Kate records: There is a large ward across from us, divided by a curtain, “which is filled with typhoid and pneumonia cases. I counted seven men in the ward, blistered severely. Though the room is so near ours, we have no time to spend in it. Many a time through the night we hear the men cough and groan, but we cannot even allow our minds to dwell on these things, as it would unfit us for our duties. We visit the wards at least twice a day; but many of the patients are brought in at night, and are dead before morning.”

Amid all the carnage, Kate found time for some dark humor. In tending a roomful of amputees, she mentions:

Nearly all the wounded are doing well. We shall not lose near as many as we thought. We have a room with seven men in it, who have lost a limb each. It is a perfect treat to go into it, as the men seem to do little else but laugh. They are young men, and say to me, and I must tell all the young ladies to come and see them, and that they will make excellent husbands, as they will be sure never to run away.
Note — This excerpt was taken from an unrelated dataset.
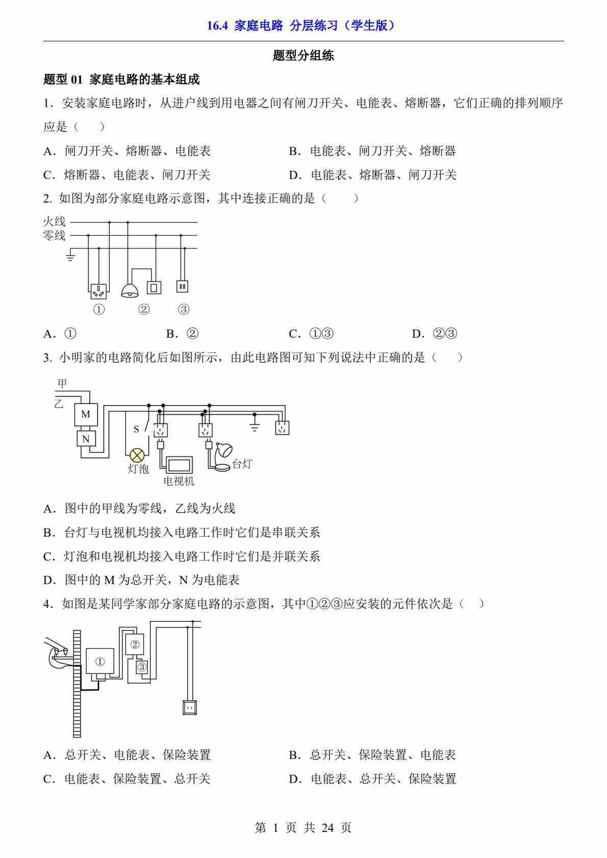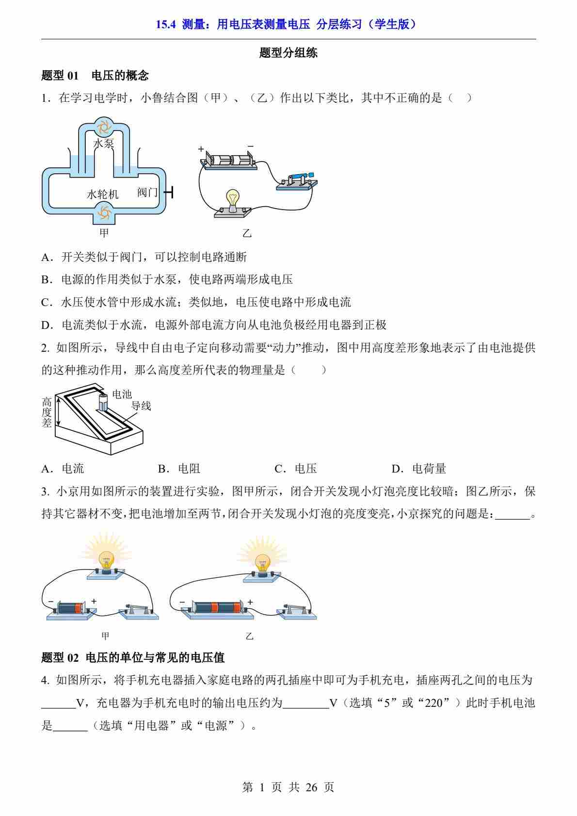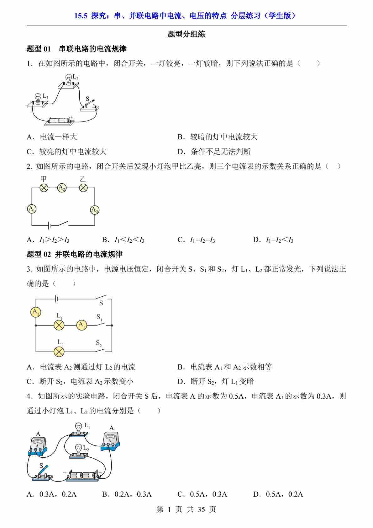 15.5 探究:串、并联电路中电流、电压的特点(分层练习)

Though decrying the barbarism of the war, Kate remained an unreconstructed Confederate, blaming Lincoln and the North for the troubles. She was an adherent of the “Lost Cause” school of thought. Her views were shared by many, not only in the South. Kate often laments the poor treatment of blacks by foreigners and those in the North.

If the negro should be set free by this war, which I believe he will be, whether we gain or not, it will be the Lord’s doing. The time has come when his mission has ended as a slave, and while he has been benefited by slavery the white race has suffered from its influence.

We all know what the negro is free and as a slave. In the latter capacity he is better, morally and physically, than in the former, and he is much more respected in his place.
” – Kate Cumming

She denounced the trial and execution of the commander of Andersonville, Henry Wirz. Kate Cumming never married and remained devoted to preserving and promoting the memory of the Confederacy. In 1874 she moved from Mobile to Birmingham, Alabama, and wrote, taught school and music, and remained active in her church and the United Daughters of the Confederacy until she died on June 7, 1909. 

Cumming, Kate. Kate: The Journal Of A Confederate Nurse. Golden Springs Publishing. Kindle Edition.